_WORK REQUEST_:
After locating the line with "Como parte de" in the entries below, output it and each following line up to and including the line with "SUPRA ZERO-TX2 Mini", exactly and without pictures.

** TASK INPUT follows **

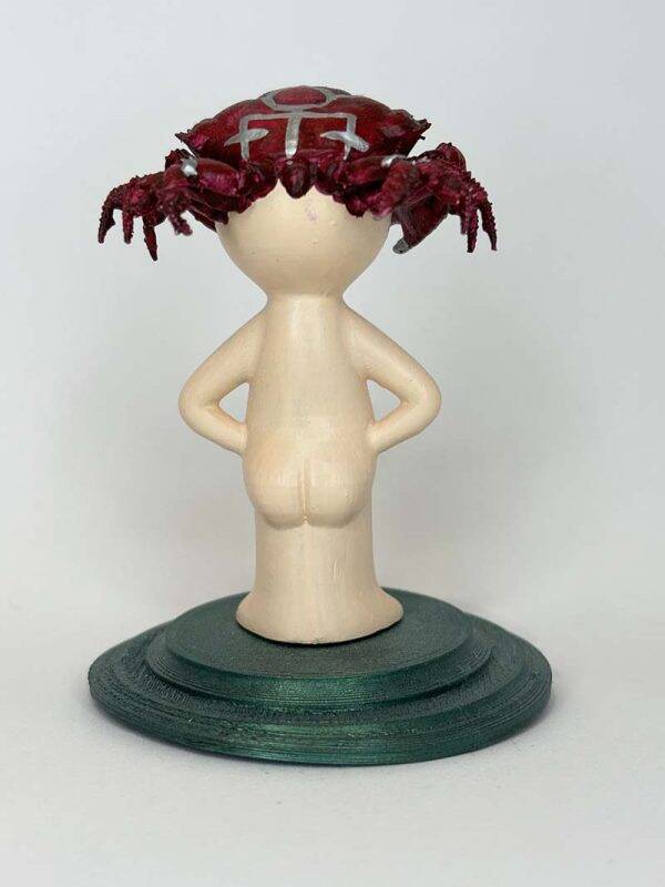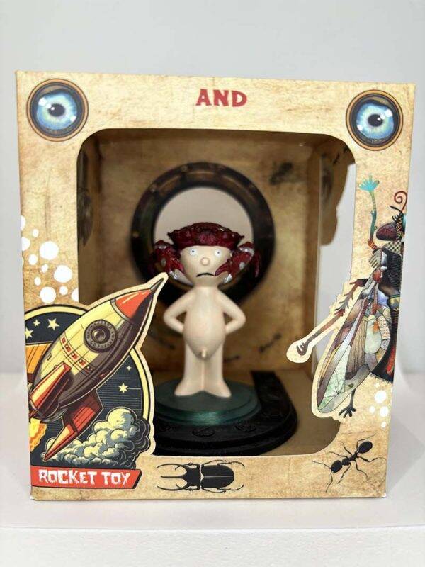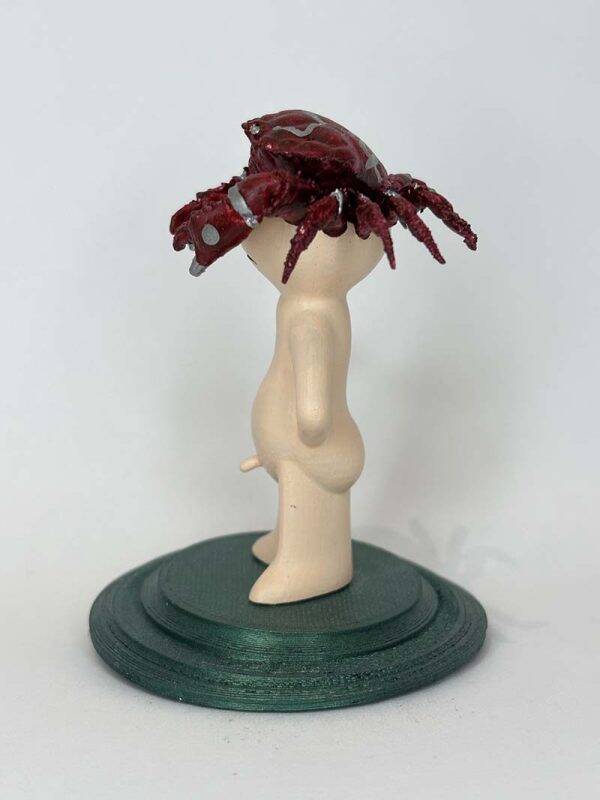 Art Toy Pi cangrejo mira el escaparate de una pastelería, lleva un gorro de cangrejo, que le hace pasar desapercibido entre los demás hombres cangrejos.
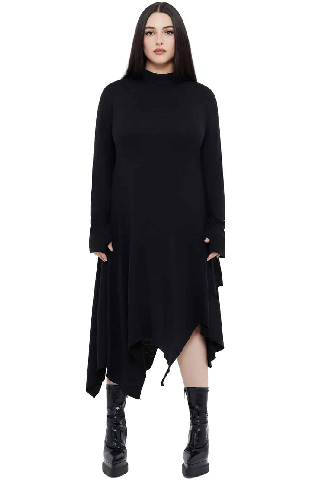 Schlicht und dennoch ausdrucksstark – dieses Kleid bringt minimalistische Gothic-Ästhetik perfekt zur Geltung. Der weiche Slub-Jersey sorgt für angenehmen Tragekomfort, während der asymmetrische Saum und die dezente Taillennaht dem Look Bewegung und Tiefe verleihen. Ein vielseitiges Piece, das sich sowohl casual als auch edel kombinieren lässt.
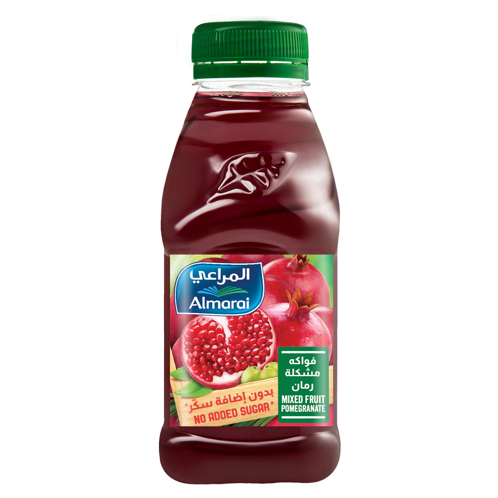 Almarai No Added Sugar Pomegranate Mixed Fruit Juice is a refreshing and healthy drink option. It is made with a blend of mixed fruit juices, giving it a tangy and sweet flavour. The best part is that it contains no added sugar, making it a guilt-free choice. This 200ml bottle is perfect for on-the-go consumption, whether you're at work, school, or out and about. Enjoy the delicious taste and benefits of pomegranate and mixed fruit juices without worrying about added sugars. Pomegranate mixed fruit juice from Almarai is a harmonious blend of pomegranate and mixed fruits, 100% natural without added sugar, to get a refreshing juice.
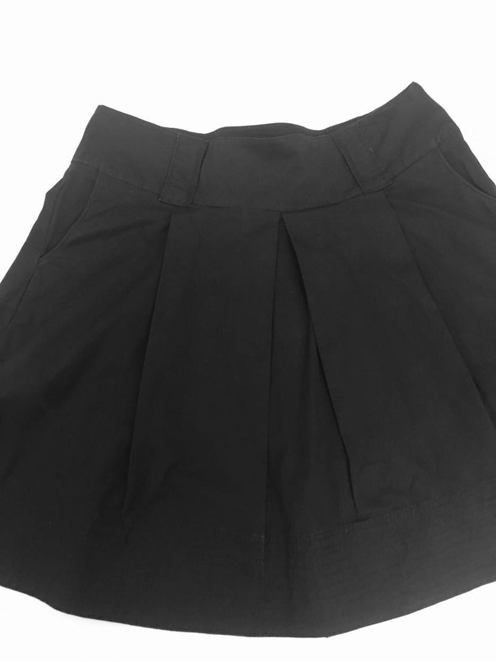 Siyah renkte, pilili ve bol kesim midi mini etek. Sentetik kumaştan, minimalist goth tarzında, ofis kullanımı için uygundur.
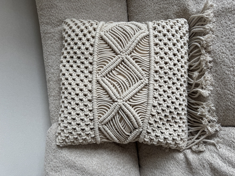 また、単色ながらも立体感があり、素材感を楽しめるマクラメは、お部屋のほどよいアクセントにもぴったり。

** End of TASK INPUT **
** TASK INPUT follows **

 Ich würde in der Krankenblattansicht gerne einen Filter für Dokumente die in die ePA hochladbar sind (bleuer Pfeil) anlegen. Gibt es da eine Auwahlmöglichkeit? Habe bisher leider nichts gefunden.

** End of TASK INPUT **
** TASK INPUT follows **

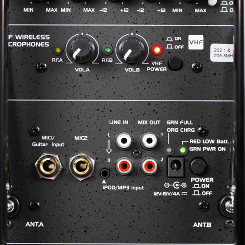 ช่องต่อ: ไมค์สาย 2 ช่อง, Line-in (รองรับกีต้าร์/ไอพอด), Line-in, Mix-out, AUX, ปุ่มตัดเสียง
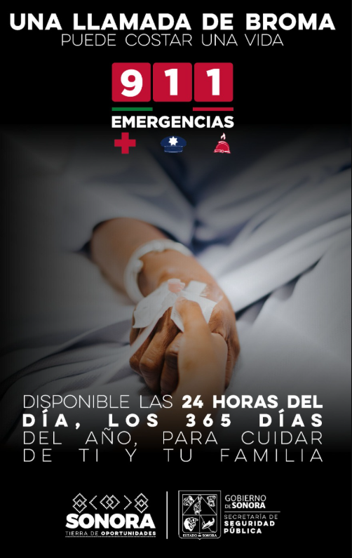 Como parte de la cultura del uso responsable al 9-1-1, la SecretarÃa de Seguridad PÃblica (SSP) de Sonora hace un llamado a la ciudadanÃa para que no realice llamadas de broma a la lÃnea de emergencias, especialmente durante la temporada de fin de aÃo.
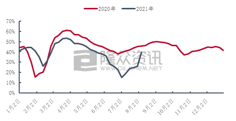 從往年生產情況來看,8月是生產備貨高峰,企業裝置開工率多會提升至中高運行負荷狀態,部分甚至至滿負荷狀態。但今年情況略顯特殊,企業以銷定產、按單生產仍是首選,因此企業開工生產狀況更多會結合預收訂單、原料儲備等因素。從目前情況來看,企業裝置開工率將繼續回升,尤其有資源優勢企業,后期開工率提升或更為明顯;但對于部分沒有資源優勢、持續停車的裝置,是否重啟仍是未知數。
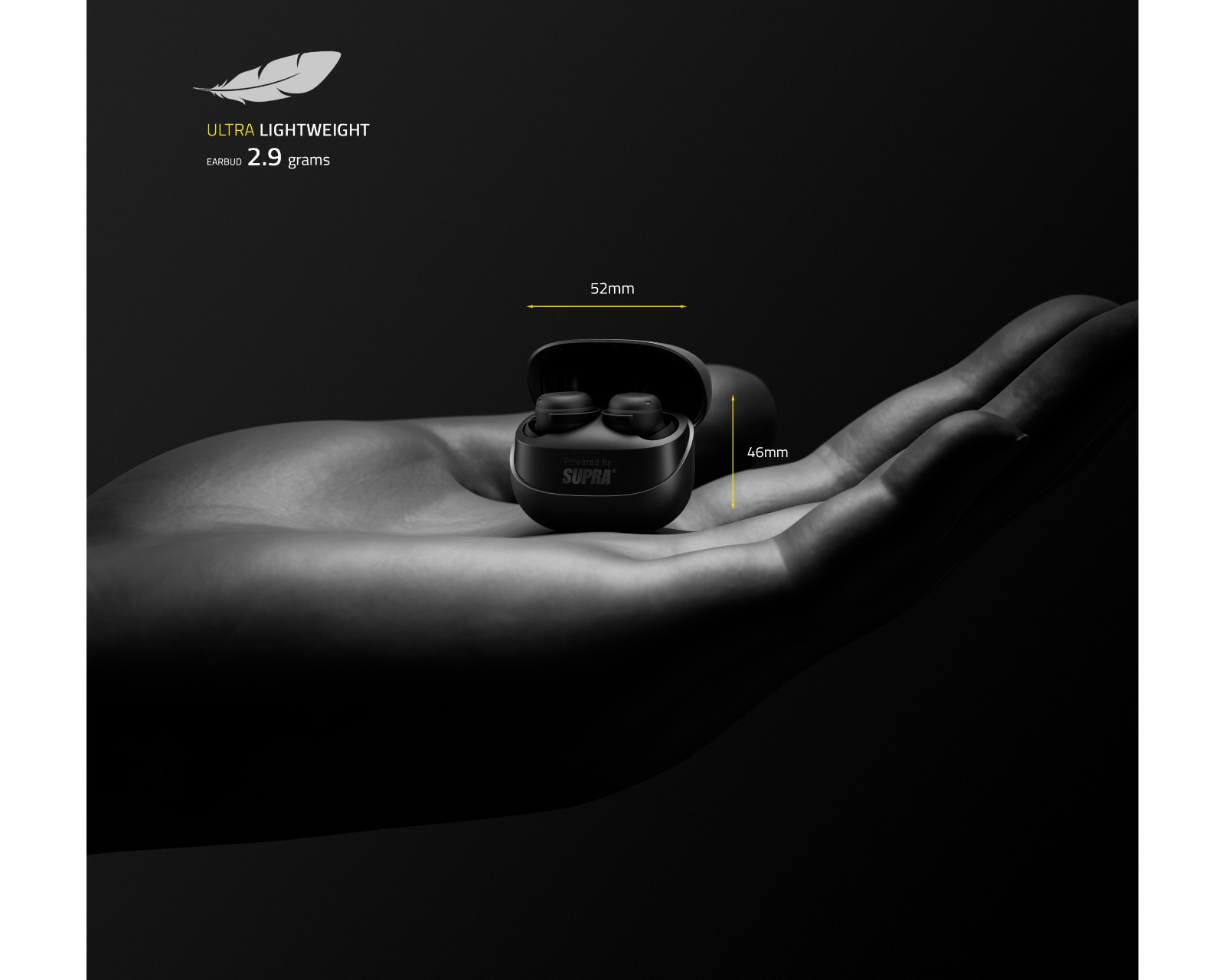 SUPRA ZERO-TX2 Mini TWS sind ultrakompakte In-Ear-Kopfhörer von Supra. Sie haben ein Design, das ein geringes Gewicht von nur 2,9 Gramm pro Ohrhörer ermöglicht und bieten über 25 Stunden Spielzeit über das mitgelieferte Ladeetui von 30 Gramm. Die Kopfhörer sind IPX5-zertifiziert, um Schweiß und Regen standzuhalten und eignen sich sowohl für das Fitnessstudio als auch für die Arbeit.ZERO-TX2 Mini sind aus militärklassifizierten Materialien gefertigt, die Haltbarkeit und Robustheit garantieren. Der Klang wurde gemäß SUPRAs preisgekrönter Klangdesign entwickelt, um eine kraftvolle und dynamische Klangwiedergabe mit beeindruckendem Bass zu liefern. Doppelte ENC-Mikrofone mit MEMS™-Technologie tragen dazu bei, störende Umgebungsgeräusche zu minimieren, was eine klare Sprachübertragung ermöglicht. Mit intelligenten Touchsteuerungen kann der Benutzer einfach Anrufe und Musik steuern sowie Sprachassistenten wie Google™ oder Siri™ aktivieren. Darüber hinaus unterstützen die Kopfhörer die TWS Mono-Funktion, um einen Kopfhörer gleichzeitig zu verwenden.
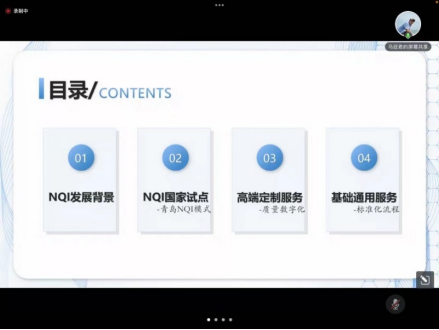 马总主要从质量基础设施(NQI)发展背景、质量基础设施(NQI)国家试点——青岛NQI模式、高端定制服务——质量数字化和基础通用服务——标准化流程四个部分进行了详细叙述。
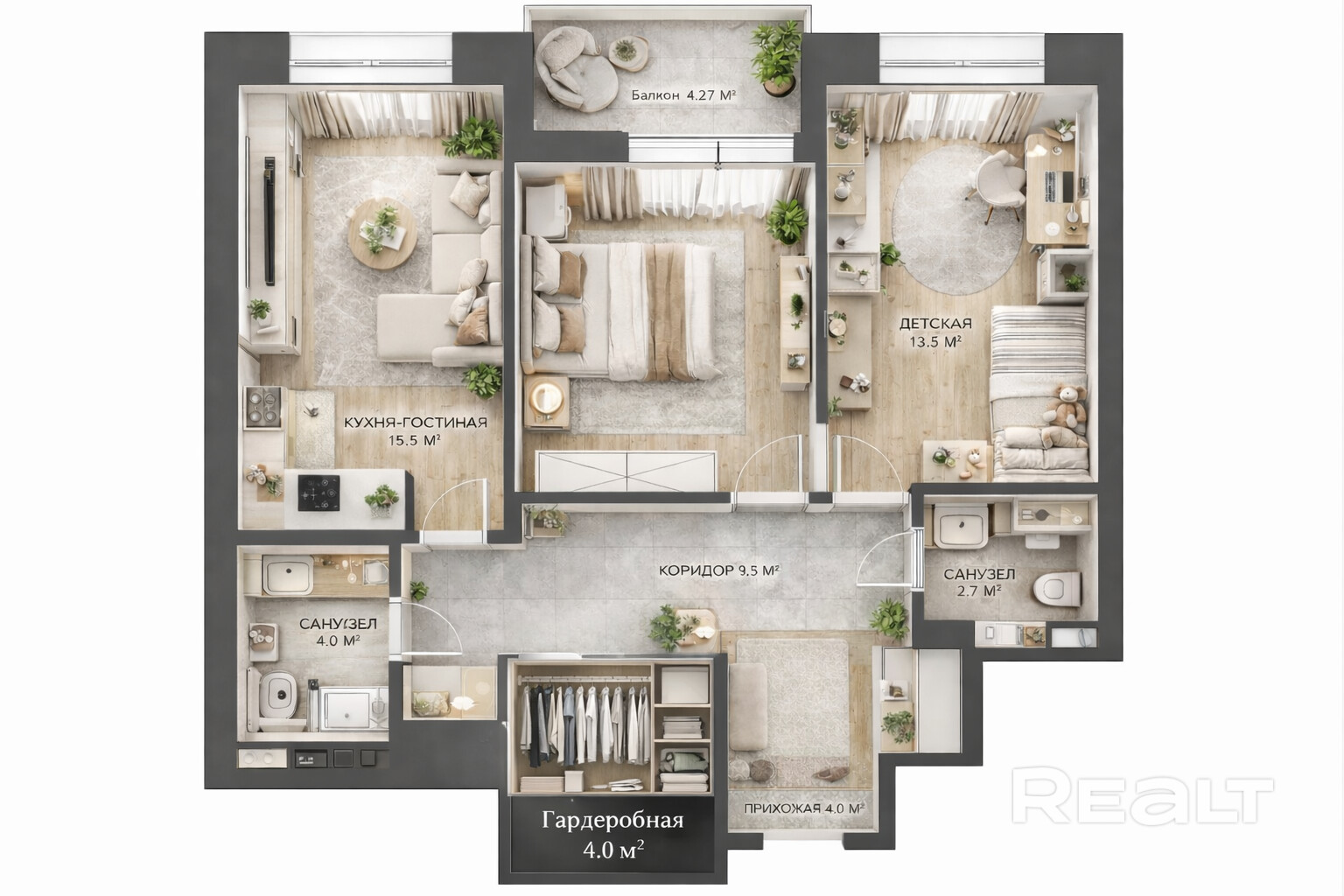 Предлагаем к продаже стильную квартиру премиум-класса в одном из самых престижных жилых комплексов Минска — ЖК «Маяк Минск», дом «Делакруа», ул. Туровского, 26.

** End of TASK INPUT **

_ANSWER AREA_:
 Como parte de la cultura del uso responsable al 9-1-1, la SecretarÃa de Seguridad PÃblica (SSP) de Sonora hace un llamado a la ciudadanÃa para que no realice llamadas de broma a la lÃnea de emergencias, especialmente durante la temporada de fin de aÃo.
 從往年生產情況來看,8月是生產備貨高峰,企業裝置開工率多會提升至中高運行負荷狀態,部分甚至至滿負荷狀態。但今年情況略顯特殊,企業以銷定產、按單生產仍是首選,因此企業開工生產狀況更多會結合預收訂單、原料儲備等因素。從目前情況來看,企業裝置開工率將繼續回升,尤其有資源優勢企業,后期開工率提升或更為明顯;但對于部分沒有資源優勢、持續停車的裝置,是否重啟仍是未知數。
 SUPRA ZERO-TX2 Mini TWS sind ultrakompakte In-Ear-Kopfhörer von Supra. Sie haben ein Design, das ein geringes Gewicht von nur 2,9 Gramm pro Ohrhörer ermöglicht und bieten über 25 Stunden Spielzeit über das mitgelieferte Ladeetui von 30 Gramm. Die Kopfhörer sind IPX5-zertifiziert, um Schweiß und Regen standzuhalten und eignen sich sowohl für das Fitnessstudio als auch für die Arbeit.ZERO-TX2 Mini sind aus militärklassifizierten Materialien gefertigt, die Haltbarkeit und Robustheit garantieren. Der Klang wurde gemäß SUPRAs preisgekrönter Klangdesign entwickelt, um eine kraftvolle und dynamische Klangwiedergabe mit beeindruckendem Bass zu liefern. Doppelte ENC-Mikrofone mit MEMS™-Technologie tragen dazu bei, störende Umgebungsgeräusche zu minimieren, was eine klare Sprachübertragung ermöglicht. Mit intelligenten Touchsteuerungen kann der Benutzer einfach Anrufe und Musik steuern sowie Sprachassistenten wie Google™ oder Siri™ aktivieren. Darüber hinaus unterstützen die Kopfhörer die TWS Mono-Funktion, um einen Kopfhörer gleichzeitig zu verwenden.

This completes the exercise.